Il delitto politico viene descritto come legittimo mezzo di conquista; le caratteristiche e le virtù che fino al Medioevo rappresentavano il modello di comportamento ideale del sovrano, ora non hanno validità in campo politico; il principe deve preferire essere temuto piuttosto che amato e non è necessario che possegga tutte le buone qualità, ma bisogna che finga di averle, perché il popolo guarderà il fine e non si curerà di come il sovrano sia realmente; deve, inoltre, simulare e dissimulare, essere centauro, quindi metà uomo e metà bestia, e di queste scegliere la “golpe” (furbizia) e il “lione” (forza), cosicché sia capace di governare non solo con le leggi, ma anche attraverso metodi “meschini” rappresentati dalle due bestie. Bisogna però ricordare che Machiavelli pone un limite alle scelleratezze del principe; infatti egli dice: “bisogna restare nel bene, potendo, e saper intrare nel male, necessitato”. Assistiamo, nell’esternare questi pochi concetti che riassumono grossolanamente il contenuto di alcuni capitoli, alla demolizione di un’intera epoca: il Medioevo. La politica diventa indipendente dalla morale e dalla religione, a sua volta declassata ad “instrumentum regni”. La vita degli uomini non è più regolata dalla Provvidenza, ma, al contrario, il loro stesso futuro si sposta nelle loro mani, perché capaci di governare la fortuna (qui intesa come casualità degli eventi) attraverso la virtù, che non rappresenta più il comportamento corretto da adottare, ma diventa sinonimo di industria e ingegno. Ma Machiavelli, come dice il famoso critico De-Sanctis: “aveva in una mano la spada e nell’altra la zappa; egli non distruggeva solo, ma edificava”. Sulle basi poste da Machiavelli si svilupperà quella civiltà rinascimentale che, distaccandosi dalla religione, favorì il nascere di una nuova mentalità che porterà alla rivoluzione scientifica del secolo successivo. Machiavelli ne è stato precursore anche nel metodo, utilizzando per primo quel metodo induttivo-deduttivo che, prendendo spunto dall’esperienza, porterà ad una conoscenza scientifica attraverso la formulazione di leggi universali. Infatti, come afferma il cri-


tico Luigi Russo, in Machiavelli la parola esperienza si avvia ad assumere il significato speculativo moderno e diventa sinonimo di conoscenza che si fa riflessione universalizzatrice sulle cose; col Machiavelli si precorre già il secolo di Cartesio e di Galileo. Varie sono state le interpretazioni dell’opera: il machiavellismo teorizza un’interpretazione utilitaristica degli scritti del Segretario fiorentino, in cui si nota una condotta politica eccessivamente astuta e subdola; è da questa visione che si è tratta poi la celebre frase “il fine giustifica i mezzi” che dovrebbe – forzatamente - rappresentare una sintesi efficace del pensiero dell’autore.
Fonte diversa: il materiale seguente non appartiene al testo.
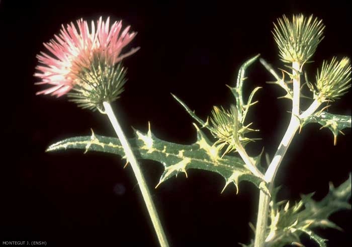 Feuilles vertes irrégulièrement tachées de blanc sur la face supérieure, un peu velues au-dessus et blanches tomenteuses (cotonneuses) en-dessous. Feuilles étroites lancéolées, pennatipartites à divisions lancéolées aiguës et épineuses

In altri casi si può parlare, invece, di anti-machiavellismo, un’altra interpretazione trasversale dell’opera che vede nel “Principe” non un manuale per i regnanti, bensì uno per il popolo, in modo che possa difendersi dalla prepotenza dei tiranni. Questa visione, tipicamente illuministica, può essere sintetizzata nelle parole di Rousseau: “Fingendo di dare lezioni al re, ha dato grandi lezioni ai popoli. Il principe di Machiavelli è il libro dei repubblicani”. Si tratta di una visione rinforzata nell’Antimachiavel, opera scritta dal futuro regnante Federico II di Prussia, che si proponeva di controbattere tutte le affermazioni del Machiavelli. Una frase in particolare colpisce: “sarebbe stato meglio, in un libro che si proponeva di dogmatizzare il crimine e la tirannia, non parlare di ciò che avrebbe dovuto distruggerli”. Come si è visto, numerosi autori e pensatori presero parti spesso radicali nel giudicare l’operato di Machiavelli. Volendo però restare su ciò che è certo, ossia sulla verità effettuale, bisogna ammettere che - qualsiasi interpretazione si voglia dare alla sua opera - questo autore, spesso sottovalutato, meriterebbe di essere apprezzato come "rivoluzionario" e precursore dei tempi.